• _Description of the task_: Please copy out all the data. Every detail stays the same.

• _Material provided_:
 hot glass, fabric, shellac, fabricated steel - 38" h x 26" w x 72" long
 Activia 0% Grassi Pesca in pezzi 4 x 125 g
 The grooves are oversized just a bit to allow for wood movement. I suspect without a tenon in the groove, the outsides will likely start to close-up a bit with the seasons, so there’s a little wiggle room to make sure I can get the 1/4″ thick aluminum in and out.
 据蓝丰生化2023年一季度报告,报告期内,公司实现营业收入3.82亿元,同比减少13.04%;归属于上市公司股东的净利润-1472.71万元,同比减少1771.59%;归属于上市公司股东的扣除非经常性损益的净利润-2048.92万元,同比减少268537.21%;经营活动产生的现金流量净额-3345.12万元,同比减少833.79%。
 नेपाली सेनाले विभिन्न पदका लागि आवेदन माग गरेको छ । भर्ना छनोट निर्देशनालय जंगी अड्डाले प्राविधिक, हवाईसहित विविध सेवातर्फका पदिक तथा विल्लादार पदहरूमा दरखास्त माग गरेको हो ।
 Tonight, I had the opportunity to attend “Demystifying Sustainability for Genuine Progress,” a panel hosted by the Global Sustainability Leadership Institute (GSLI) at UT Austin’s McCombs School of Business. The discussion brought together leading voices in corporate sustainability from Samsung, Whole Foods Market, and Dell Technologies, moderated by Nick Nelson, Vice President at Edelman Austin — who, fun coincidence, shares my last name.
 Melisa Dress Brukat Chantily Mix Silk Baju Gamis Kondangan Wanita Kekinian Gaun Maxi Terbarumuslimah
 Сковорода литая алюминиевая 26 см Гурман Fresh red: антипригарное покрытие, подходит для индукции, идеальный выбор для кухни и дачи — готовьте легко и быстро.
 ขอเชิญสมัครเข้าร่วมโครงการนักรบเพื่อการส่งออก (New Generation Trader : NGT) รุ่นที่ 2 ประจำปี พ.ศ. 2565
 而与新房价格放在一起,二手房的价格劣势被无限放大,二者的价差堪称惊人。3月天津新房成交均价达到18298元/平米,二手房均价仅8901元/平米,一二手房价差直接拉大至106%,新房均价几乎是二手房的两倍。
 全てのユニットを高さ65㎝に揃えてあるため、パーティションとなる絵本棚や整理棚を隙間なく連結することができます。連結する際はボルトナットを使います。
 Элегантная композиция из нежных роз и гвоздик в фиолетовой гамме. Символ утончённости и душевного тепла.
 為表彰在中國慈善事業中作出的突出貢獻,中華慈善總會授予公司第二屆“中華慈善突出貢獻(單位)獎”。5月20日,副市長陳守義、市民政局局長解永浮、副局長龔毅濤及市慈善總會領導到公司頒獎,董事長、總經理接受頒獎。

• _Solution for this exercise_:
 hot glass, fabric, shellac, fabricated steel - 38" h x 26" w x 72" long
 Activia 0% Grassi Pesca in pezzi 4 x 125 g
 The grooves are oversized just a bit to allow for wood movement. I suspect without a tenon in the groove, the outsides will likely start to close-up a bit with the seasons, so there’s a little wiggle room to make sure I can get the 1/4″ thick aluminum in and out.
 据蓝丰生化2023年一季度报告,报告期内,公司实现营业收入3.82亿元,同比减少13.04%;归属于上市公司股东的净利润-1472.71万元,同比减少1771.59%;归属于上市公司股东的扣除非经常性损益的净利润-2048.92万元,同比减少268537.21%;经营活动产生的现金流量净额-3345.12万元,同比减少833.79%。
 नेपाली सेनाले विभिन्न पदका लागि आवेदन माग गरेको छ । भर्ना छनोट निर्देशनालय जंगी अड्डाले प्राविधिक, हवाईसहित विविध सेवातर्फका पदिक तथा विल्लादार पदहरूमा दरखास्त माग गरेको हो ।
 Tonight, I had the opportunity to attend “Demystifying Sustainability for Genuine Progress,” a panel hosted by the Global Sustainability Leadership Institute (GSLI) at UT Austin’s McCombs School of Business. The discussion brought together leading voices in corporate sustainability from Samsung, Whole Foods Market, and Dell Technologies, moderated by Nick Nelson, Vice President at Edelman Austin — who, fun coincidence, shares my last name.
 Melisa Dress Brukat Chantily Mix Silk Baju Gamis Kondangan Wanita Kekinian Gaun Maxi Terbarumuslimah
 Сковорода литая алюминиевая 26 см Гурман Fresh red: антипригарное покрытие, подходит для индукции, идеальный выбор для кухни и дачи — готовьте легко и быстро.
 ขอเชิญสมัครเข้าร่วมโครงการนักรบเพื่อการส่งออก (New Generation Trader : NGT) รุ่นที่ 2 ประจำปี พ.ศ. 2565
 而与新房价格放在一起,二手房的价格劣势被无限放大,二者的价差堪称惊人。3月天津新房成交均价达到18298元/平米,二手房均价仅8901元/平米,一二手房价差直接拉大至106%,新房均价几乎是二手房的两倍。
 全てのユニットを高さ65㎝に揃えてあるため、パーティションとなる絵本棚や整理棚を隙間なく連結することができます。連結する際はボルトナットを使います。
 Элегантная композиция из нежных роз и гвоздик в фиолетовой гамме. Символ утончённости и душевного тепла.
 為表彰在中國慈善事業中作出的突出貢獻,中華慈善總會授予公司第二屆“中華慈善突出貢獻(單位)獎”。5月20日,副市長陳守義、市民政局局長解永浮、副局長龔毅濤及市慈善總會領導到公司頒獎,董事長、總經理接受頒獎。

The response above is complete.